* [EXERCISE DESCRIPTION]
Would you retype the line that contains "This orange plain" and all lines following it to the end of the entries below, exactly and without pictures?

(Recorded data)
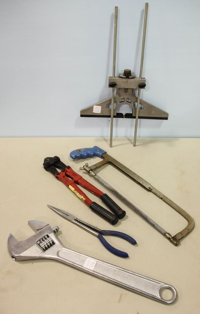 Includes bolt cutter, hacksaw, needle nose pliers and adjustable wrench Includes bolt cutter, hacksaw, needle nose pliers and adjustable wrench
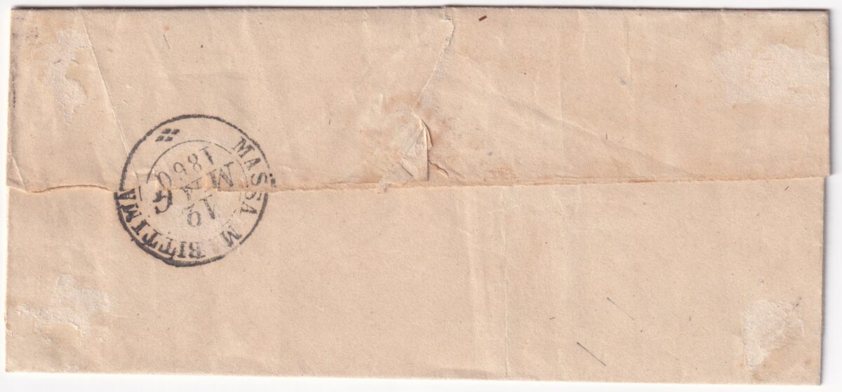 1860 17 Lug 10 c. Sass 19e ben marginato su sovracoperta da Serravezza Pt.5 x Colle
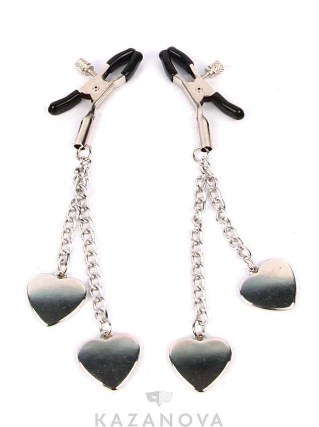 Силиконовые накладки снижают степень давления и помогают снизить риск повреждения сосков. Зажимы декорированы металлическими сердечками на цепочках.
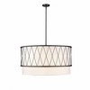 A lovely addition to open concept living rooms, spacious master bedrooms and dining rooms, this modern five-light pendant boasts a diamond shaped motif across the brushed nickel wire cage, creating a chic retro-inspired touch. A white fabric shade casts a serene and soothing glow that contrasts against the lustrous metallic cage and ceiling mount, adding to the dimension of the tiered round drum design.
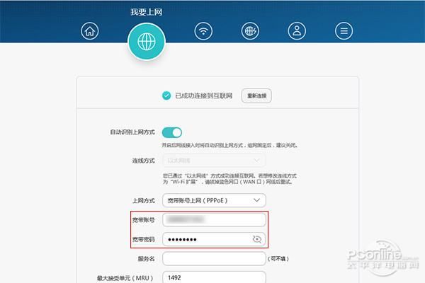 2. 进入路由器设置界面,输入上网账号和上网密码。这里的上网账号和上网密码是电信小哥(或者移动或者联通)上门帮你安装网线时给你的上网凭证,一般会在报装单上注明。不是wifi名和wifi密码!
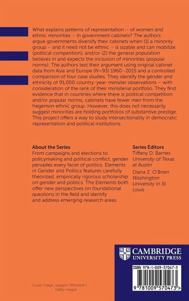 What explains patterns of representation - of women and ethnic minorities - in government cabinets? The authors argue governments diversify their cabinets when (1) a minority group is sizable and can mobilize (political competition); and/or (2) the general population believes in and expects the inclusion of minorities (popular norms).
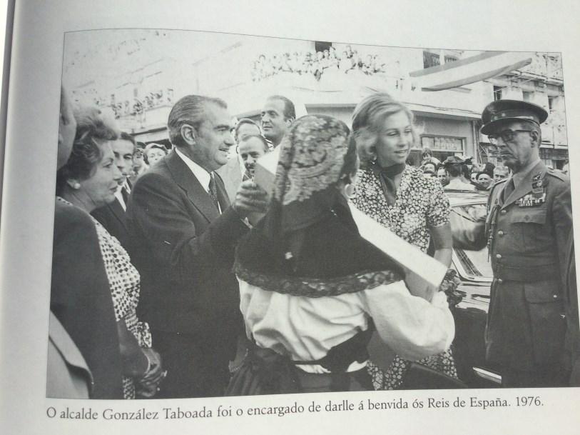 Luis González Taboada (derradeiro alcalde franquista) dándolle a benvida aos Reis de España. 1976
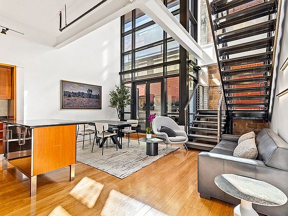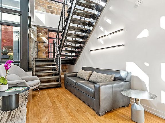Expansive Industrial Loft ; 1 Bed ; 1 Den ; 1.5 Bath ; 1,100 Sf ; 1 Private Balcony ; 1 Parking Space ; Building: Boutique Building, 37 Units, Shared Concierge, Built in 2006 by Metropolis, Common Rooftop Deck, Elevator ; Unit: 22 Ft. Wall of Windows w/ Lots of Natural Light, Automatic Blackout Roller Shades, Southern Exposure, Exposed Beams, Concrete & Duct Work, Industrial Track Lighting, Lofted Owner's Suite w/ Walk-In Closet, Large Lofted Den/Guest Bedroom, Iron & Cable Stair Railings, Bamboo Hardwood Flooring, Carpeted Bedrooms & Stairs, Plenty of Storage Throughout, Powder Room, Washer & Dryer ; Kitchen: Kitchen Aid Stainless Steel Appliances, Scavolini Cabinetry & Kitchen Island w/ Seating for 2, Polaris White Glass Tile Backsplash, Angola Black Granite Counter Tops, Bosch Full Size Dishwasher, Gas Range ; Baths: Glass Enclosed Shower, 2 Mirrored Medicine Cabinets in Owner's Suite, Glass Tile Vanity Backsplash, Scavolini Vanities w/ Vessel Sinks & Storage, Water Closet in Owner's Suite, Tile Flooring, Toto Toilets
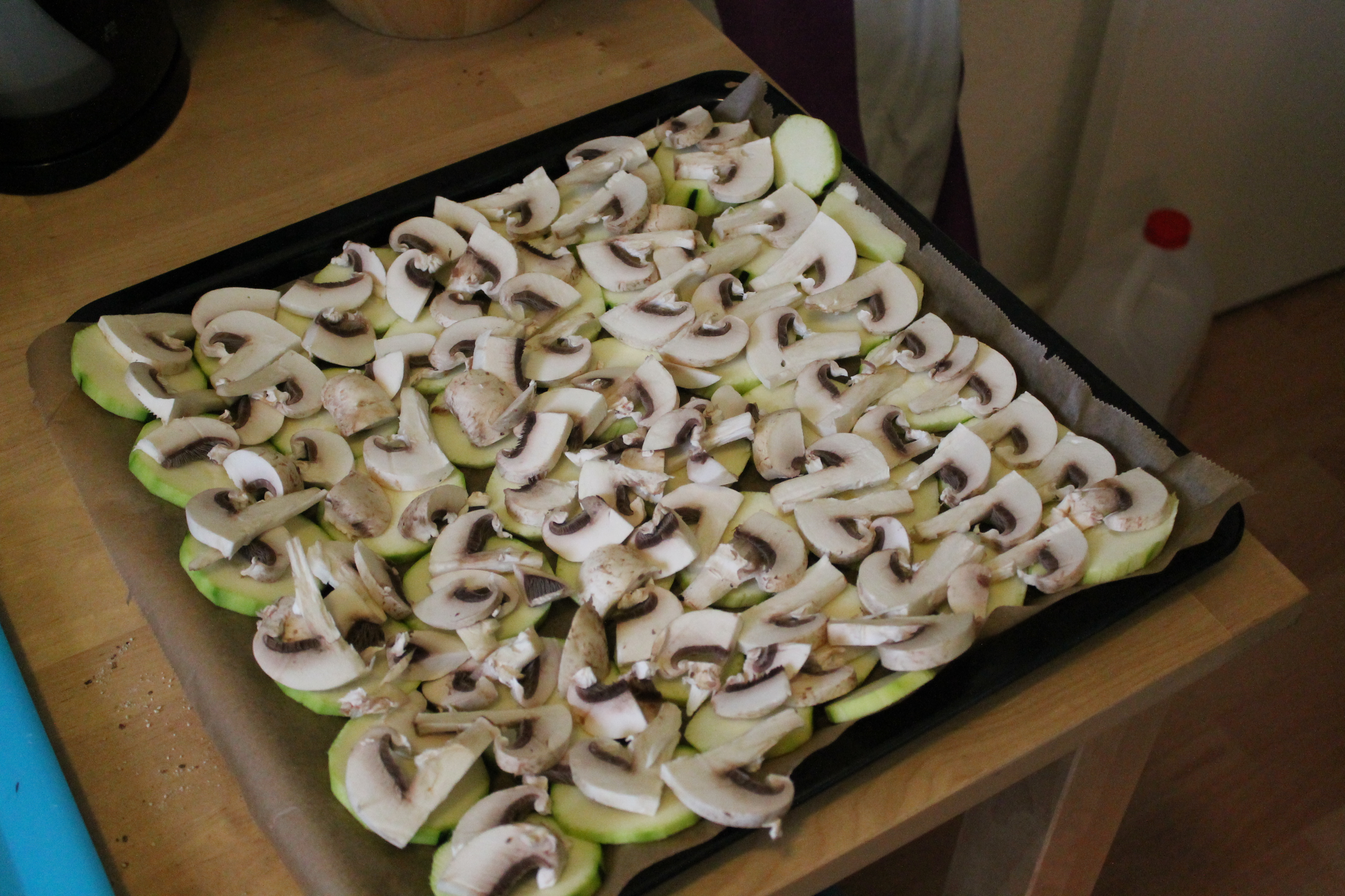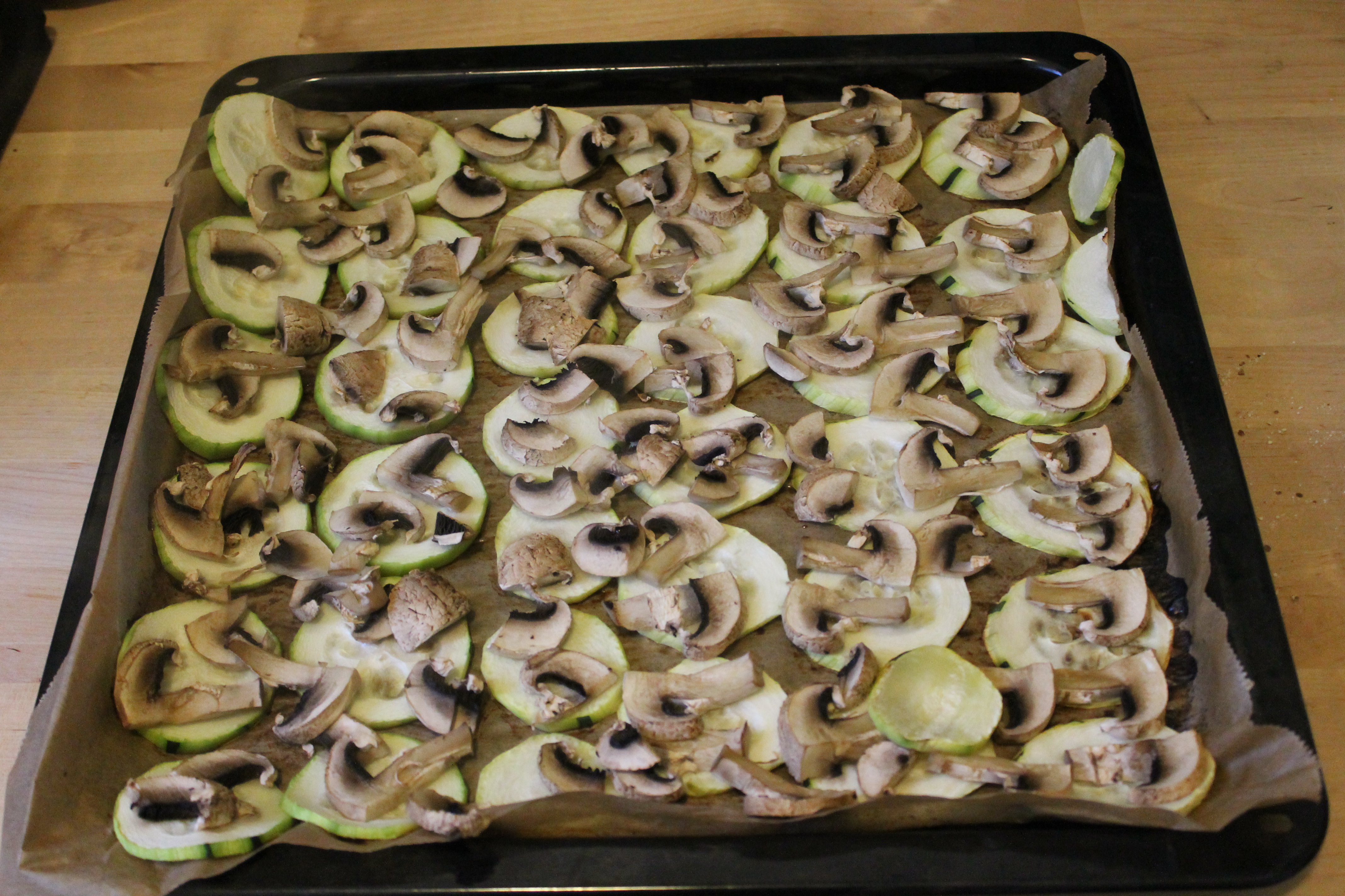 Solche Tiergerichte machen nur irre Tierliebhaber, sich den Aufwand zu machen mit Liebe etwas Leckeres zu zaubern. Hier habe ich ein Blech mit Zucchinischeiben und Champignionsscheiben belegt. Der Ofen wurde vorher auf 200 Grad 20 min aufgewärmt. Das Alles dann für 20 bis 30 Min im Ofen backen. Meine Katzen lieben es und für Damon ist es ein kleiner Snack zwischendurch 😉
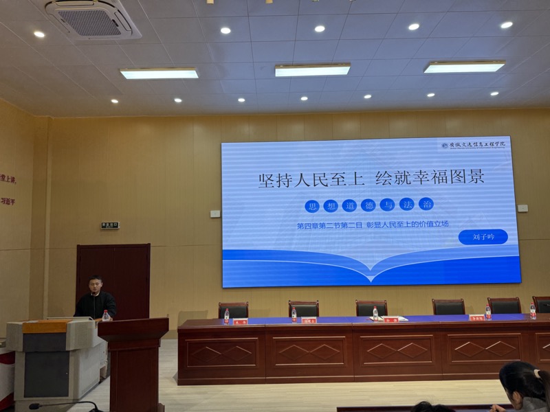 马克思主义学院教师刘子吟以“坚持人民至上 绘就幸福图景”为题进行说课,围绕指导思想、教材分析、学情分析、教学目标及重难点、教学过程及方法、教学内容六个方面系统阐述,将“人民至上”理念与教学实践紧密结合,展现了思政课扎根现实、服务育人的鲜明特色。
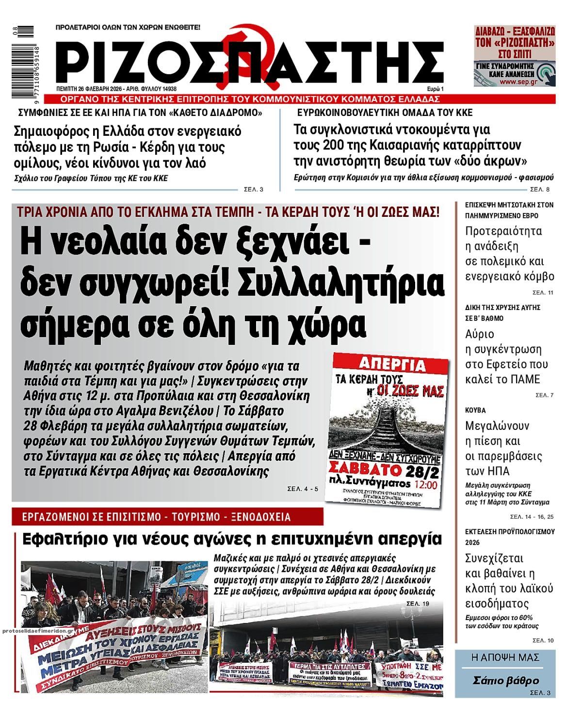26/02/2026 08:13 Μαζικά συλλαλητήρια για τα Τέμπη σε όλη την Ελλάδα - Σε πλήρη ετοιμότητα η ΕΛ.ΑΣ., τα μέτρα ασφαλείας
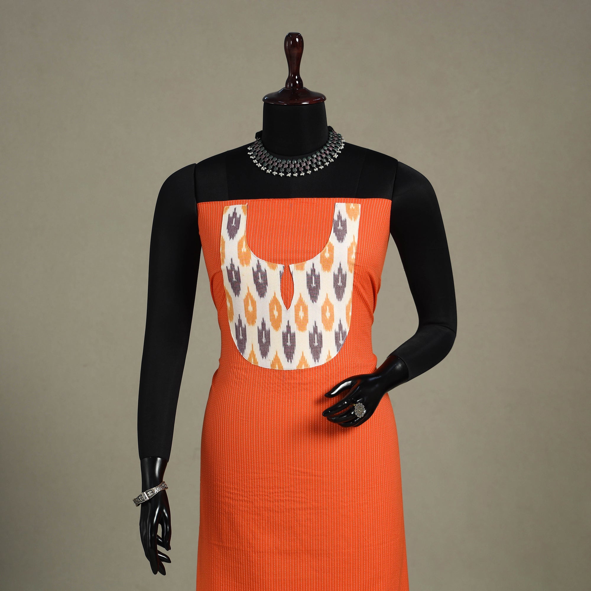 This orange plain cotton kurta material is crafted for everyday ease with a subtle artisanal flair. It features delicate running-stitch work and a patchwork detail at the neckline, adding a hint of handcrafted elegance. Ideal for making daily-wear kurtas, office attire, or laid-back casual looks.
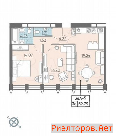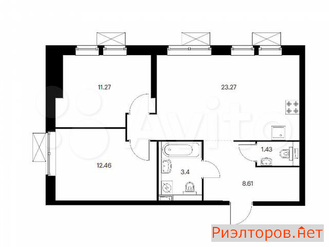 Общая площадь 57.0 м

* [EXERCISE RESULT]
 This orange plain cotton kurta material is crafted for everyday ease with a subtle artisanal flair. It features delicate running-stitch work and a patchwork detail at the neckline, adding a hint of handcrafted elegance. Ideal for making daily-wear kurtas, office attire, or laid-back casual looks.
 Общая площадь 57.0 м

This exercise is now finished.